Shannon’s death was the first in a series of tragedies with party buses, which have expanded to 4,000 vehicles in B.C. Danielle said her own research showed companies advertising open bars on board.

“We’re happy with it,” said Danielle of the new rules.

“We’re still going to be watching it carefully to see what happens. If I see something that’s concerning me, I’ll be right back in touch with the minister.”

One of the requirements is for party bus operators to acknowledge that serving alchohol will not be part of their business.

That could make it easier for bus operators to be fined. “It remains to be seen if that’s going to change or not.

“Basically their whole business operates around facilitating the minors who use them to get hammered, for lack of a better term,” Danielle said.

Still, she was happy with the announcement. “This is very meaningful for us. This is what we’ve been fighting for.”

The measures are part of what they’ve been seeking for seven years.

However, the steps don’t go as far as California, which requires another adult to supervise the partying section of the vehicle if there are minors on board. The State of Washington is considering same.

She likes the idea of putting party buses in the same category as limousines or taxis which will put them under more scrutiny.

Maple Ridge-Pitt Meadows MLA Doug Bing said the same thing earlier.

Requiring special permits and licence plates will make it easier for police to enforce the rules.

Bing noted that drinking in vehicles is completely illegal in B.C. anyways, whether it’s adults or kids.

“That’s the kind of thing we’re trying to stop.”

“Certainly, we’re quite pleased with these steps and moving forward,” said Julie.

In February 2013, 16-year-old Ernest Azoadam died on a party bus in Surrey.
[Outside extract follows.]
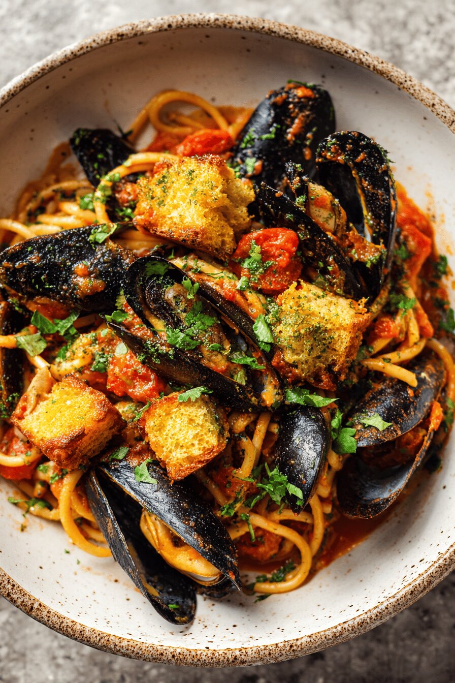 Garlic should be freshly minced, not powdered, to retain punch without bitterness. Red pepper flakes adjusted to taste but add that faint heat that lifts seafood’s sweetness. White wine must be dry and decent quality, but if unavailable, a squeeze of lemon and a splash of broth replaces acidity. Tomatoes canned whole for better texture; crushed for smooth sauces only. Mussels you’ll need did-clean and debeard thoroughly—that gritty sand ruins experience. Bucatini preferred because it traps sauce internally, but fettuccine works fine. Crisp bread must be thoroughly dried then golden fried with fresh herbs — dried herbs dull the flavor. Parsley swaps nicely with cerfeuil for availability and sharp freshness. Store-bought bread is fine but avoid very soft loaves — they won’t crisp properly.
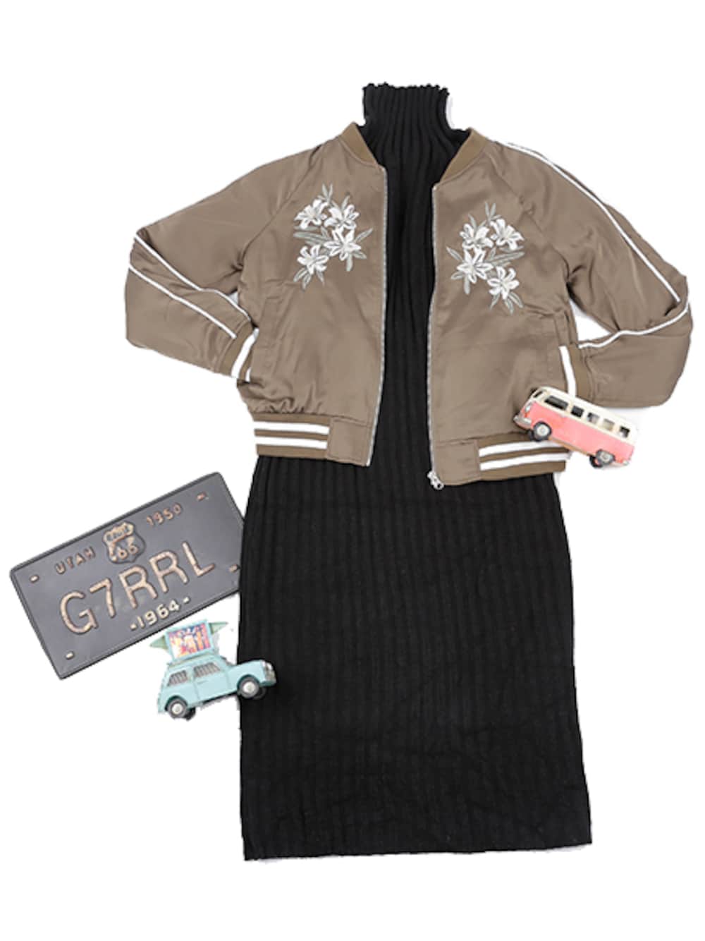 【カッコ可愛い欲張りコーディネート】 今季大注目のガーリーな刺繍がポイントのスカジャン。 生地は光沢感がありツルツルとした肌触りです。 袖のライン部分がロープ編みで施されているので立体感があり、腕を細く見せることが出来ます。 ボーイッシュなイメージがあるスカジャンですが、色味と刺繍が女性らしい印象を与えてくれるのでチャレンジしやすいアイテムです。 Iライン(細見え)効果があるワンピース。 温かみのある色展開で、これからの時期にピッタリです。 袖はゆったりとしていて、下に重ね着をしても動きやすいです。 また、羽織りや小物を用いたりすると違った雰囲気を楽しめそうです。 シンプルなのでシーンを選ばずに着ることができ、1枚あるだけで様々なコーディネートが出来るのでオススメです。 ellerie(エルリエ)公式通販 http://www.ellerie.jp/

In November of that year, a 17-year-old girl from Abbotsford was dumped at a truck stop an assaulted after a trip on a party bus.

NDP transportation critic George Heyman echoed the Raymonds’ suggestion to consider requiring chaperones on party buses to make sure under-age drinking or drug use don’t occur. That’s part of pending legislation in Washington state, where party buses are allowed to serve alcohol to those old enough to drink.

Heyman said the government should also require safe drop-off locations for the buses, which now drop off passengers at bars and then pick them up later to go to another bar.

“One of the roles of the chaperones would be to ensure that no drinking takes place on party buses, period,” he said.